Unless otherwise stated, all the reactions were carried out under argon atmosphere with commercially available reagents and solvents. Anhydrous THF was obtained by distilling over sodium and benzophenone. The other reagent grade solvents were used without further purification. Melting points were obtained on a Start SMP melting point apparatus and they are uncorrected. Mass spectrometric (MS) measurements were recorded on a MALDI-TOF Bruker Biflex III instrument using a positive-ion mode. NMR spectra were recorded at 298 K on a NMR Bruker Avance III 300 spectrometer. Chemical shifts for 13C NMR spectra were recorded in parts per million using either the central peak of deuterated chloroform (77.23 ppm) or deuterated DMSO (39.51 ppm) as the internal standards. Proton NMR spectra were recorded in parts per million and they were referenced to the residual solvent proton according to the literature. Characteristic splitting patterns due to spin–spin coupling are expressed as follows: br = broad, s = singlet, d = doublet, t = triplet, q = quartet, p = pentet, m = multiplet.

Benzofuran-2-carbaldehyde (8), diethyl benzylphosphonate (14), benzofuran-2-ylboronic acid (10), 5-bromofuran-2-carbaldehyde (11), benzofuran-2(3H)-one (15), and 2-phenylacetonitrile (13) were purchased from either Aldrich or Jansen and they were used as received.

Spectroscopy

The emission spectra were recorded on a combined steady-state/time-resolved spectrometer with a double excitation and emission monochromator. Samples for solution analyses were prepared with an absorbance <0.05 at the corresponding excitation. The solutions were purged with nitrogen for at least 20 min to remove the dissolved oxygen. They were then sealed with a screw top with a Teflon-coated septum. The absolute quantum yields were measured with an integrating sphere. The absorptions of the solution samples were referenced against the scattering peak of the solvent at the corresponding excitation wavelength. The measurements were done with a minimum dwell time/wavelength of 1 s, measured at 1 nm intervals, and averaged over three scans. For the solid-state absolute quantum yields, crystals of the given compound were deposited on a rectangular quartz slide and caution was taken to neither compress nor disrupt the crystalline structure. The excitation beam was focused on the sample and the sample was irradiated with the entire beam. The sample emission from indirect light absorption in the sphere was factored into the absolute quantum yield calculation according to known means.[23] The excitation wavelength used for solution and solid-state emissions of 1–7 were respectively 350/350, 380/420, 320/340, 330/350, 380/400, 350/380, and 440/440 nm.

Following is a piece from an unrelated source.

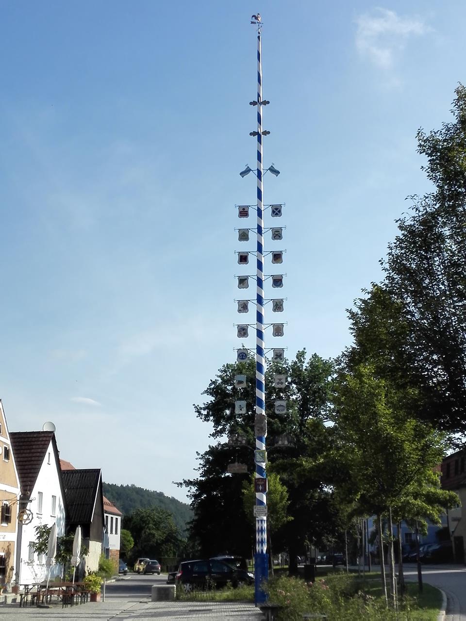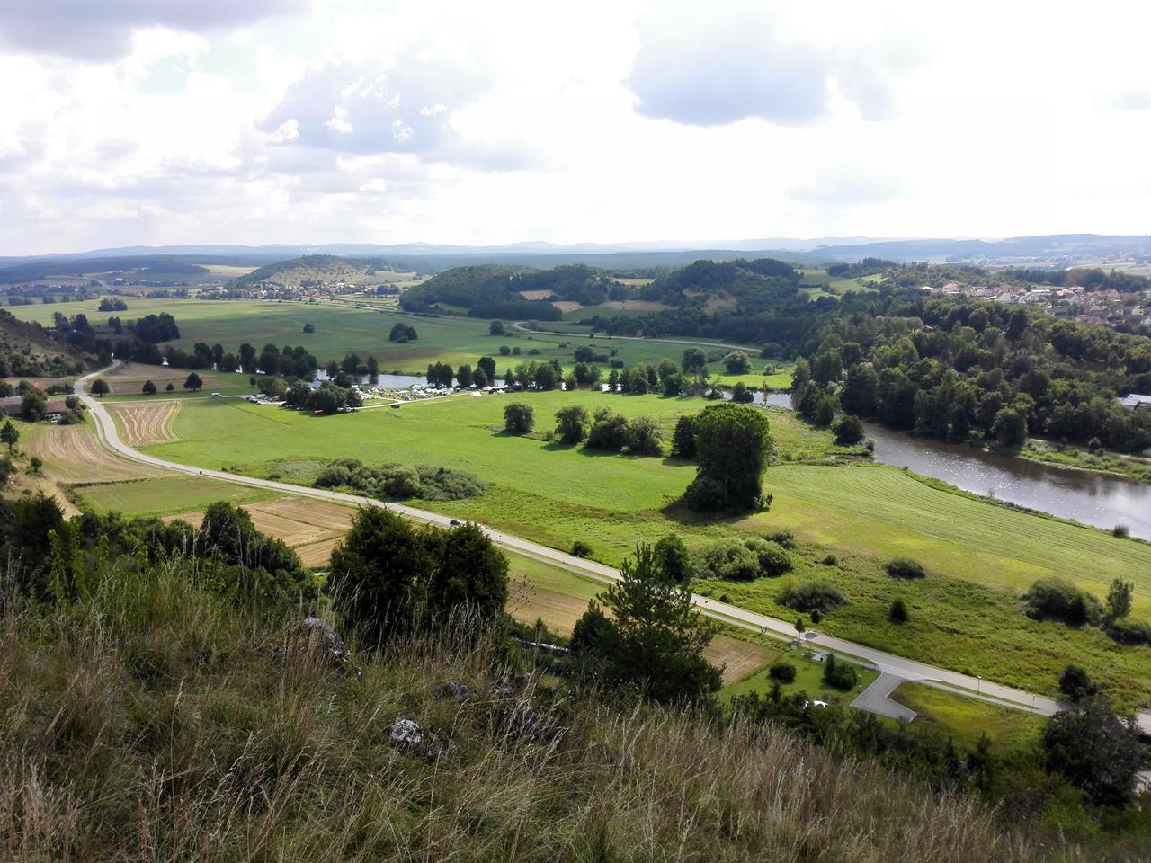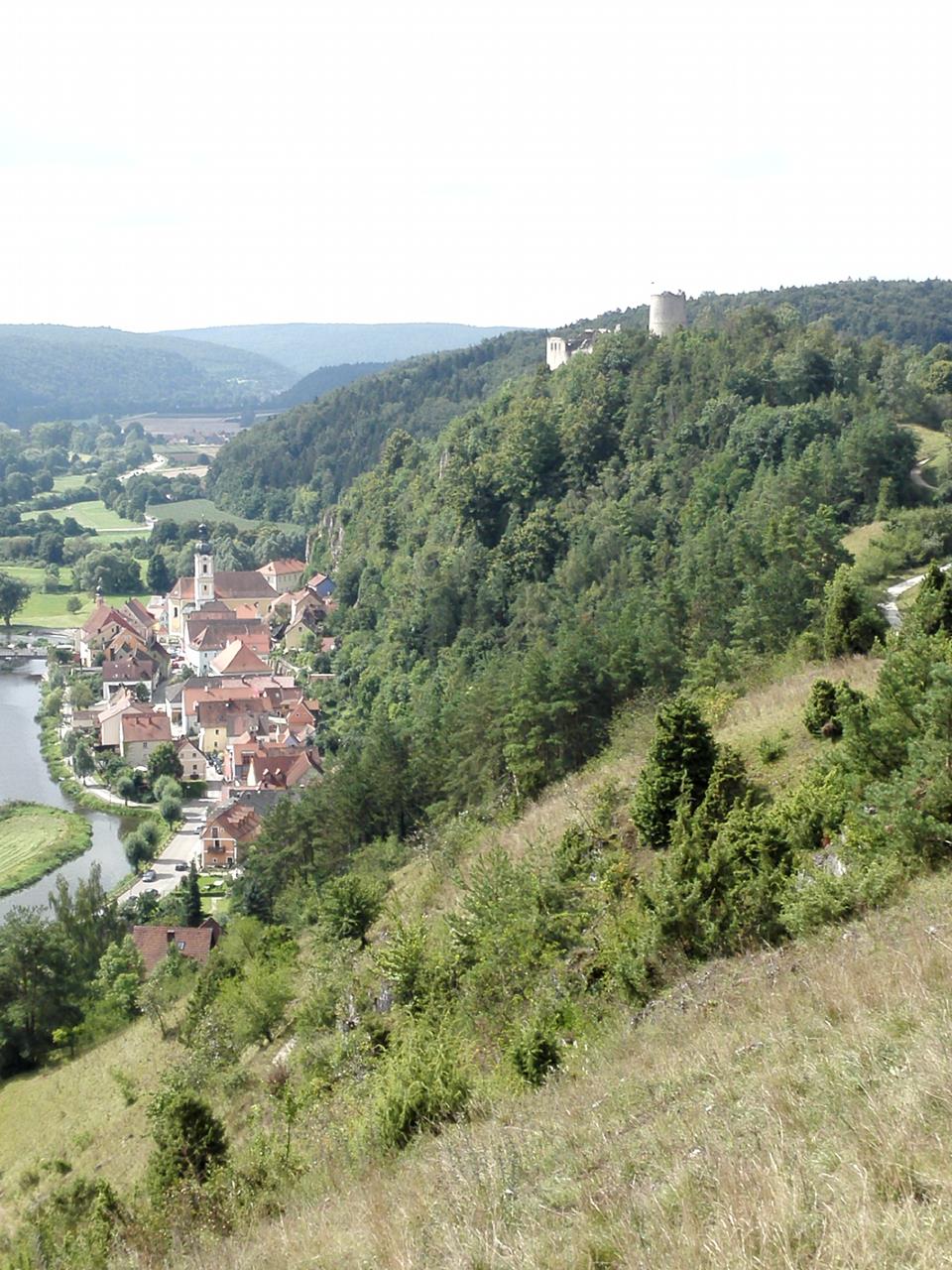 Der kleine Ort liegt rund 25 Kilometer nördlich von Regensburg. Die Häuser der Altstadt schmiegen sich eng an den „Schlossberg“, auf dessen Spitze sich die Ruinen der alten Burg Kallmünz befinden. Die Burg stellt eine markante Landmarke im Naabtal dar.Von Kallmünz aus wandere ich mit Doxi durch das malerische Vilstal. Wir folgen dabei dem Jurasteig entlang steiler Abbrüche der Kalkfelsen, die der Fluss in das Tal gegraben hat.

Excited-state lifetimes were calculated by single-photon time-correlated spectroscopy using a multi-channel plate time-resolved detector and exciting with a ps-laser diode. The instrument response frequency was determined by scattering the ps-laser diode excitation beam with a solid Teflon prism. The solid-state lifetimes were acquired with a thin film of the sample spread over a quartz slide. The slide was positioned at 45° to the excitation beam and the emission detector. The lifetimes were obtained by fitting either for a mono- or bifunctional decay function, whichever gave the best correlation of χ2 < 1.4.

Synthesis

The synthetic pathway and the characterization of the compounds 1–7 are presented in the Supporting Information.

Structure Refinement and Crystal Data

Single crystals suitable for X-ray diffraction analyses were obtained for all the compounds by the slow evaporation of ethanol–chloroform solution. The data collection details are found in Tables S1 and S2.